I lifted my chin, fixing my eyes on the path ahead. I didn’t need to provoke or threaten these people. Nereus wanted them to see a prisoner. But I was Radaan’s king, and I’d walk with dignity. I would not slump like some whipped dog.
The ramp wound upward, endless. My thighs screamed with the effort. Sweat beaded along my brow, and I cursed the droplet tracing my temple. I didn’t want to look defeated—but this was all part of Nereus’ plan, and resistance meant nothing now.
At last, the incline gave way to flat stone. A crowd of Draconis in earth-toned garb filled the chamber. Their clothes weren’t tattered, but bore evidence of labor. The women wore split skirts and trousers like the ones I’d seen Nienna wear so many times.
They shoved me forward through the crush of bodies.
The ceiling stretched far above, voices bouncing off the stone.
To my left, a dark throne rose on a platform sculpted high above the floor, visible even to those crammed near the back.
Small balconies honeycombed the walls—like a termite nest carved into the rock.
The Spire had to be hollow, riddled with unseen halls and passageways.
A thunderclap of wings tore my gaze toward the massive opening at my right. My spine snapped straight. Nereus’ dragon landed on a stone outcropping, neck snaking into the tower’s heart.
I clenched my jaw and held my ground as the crowd shrank from me. The beast halted a handspan from my face, lips peeled back. Its snarl sounded like boulders grinding down a mountainside.
Still, I wasn’t dead. Yet.
Its jaws snapped shut with terrifying speed. I winced, bracing for the strike. It didn’t come. The dragon lifted its head instead, golden eyes searing into mine, pupils thin and sharp as knives. Nereus slid down its shoulder and landed with fluid grace, armor whispering as he hit the stone.
He marched straight toward me, fury etched into every step.
I needed a private conversation, a chance to explain. But from the fire in his eyes, he meant to make a spectacle of this. Nothing I said would stop him. It would be my word against his son’s. I could only pray Fallione’s counsel had earned me some ground.
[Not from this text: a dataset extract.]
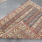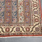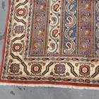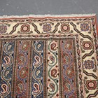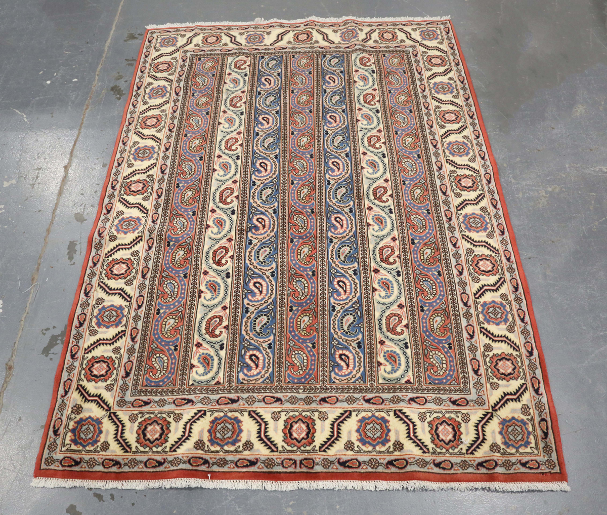 A Qum rug, North Persia, late 20th century, the striped polychrome field enclosing columns of boteh, within a palmette and leaf border, 198cm x 140cm.

He sneered as he passed. I turned, careful to keep my attention on his silver-threaded blue leathers, though every instinct screamed not to turn my back on his dragon.
Right now, Nereus was the greater threat.
He spun and dropped onto the black-stone throne. The stairs beneath bore sea beasts and waves, but dragons held dominion at the top.
“Kneel!”
A hand shoved hard between my shoulders. I hit the floor with a grunt. Pain flared through my knees, but I stayed upright, jaw clenched as I stared at Draconia’s king.
“Kallias Sunspear,” Nereus thundered. His voice rang through the Spire, silencing the murmurs. “Have you come here to die?”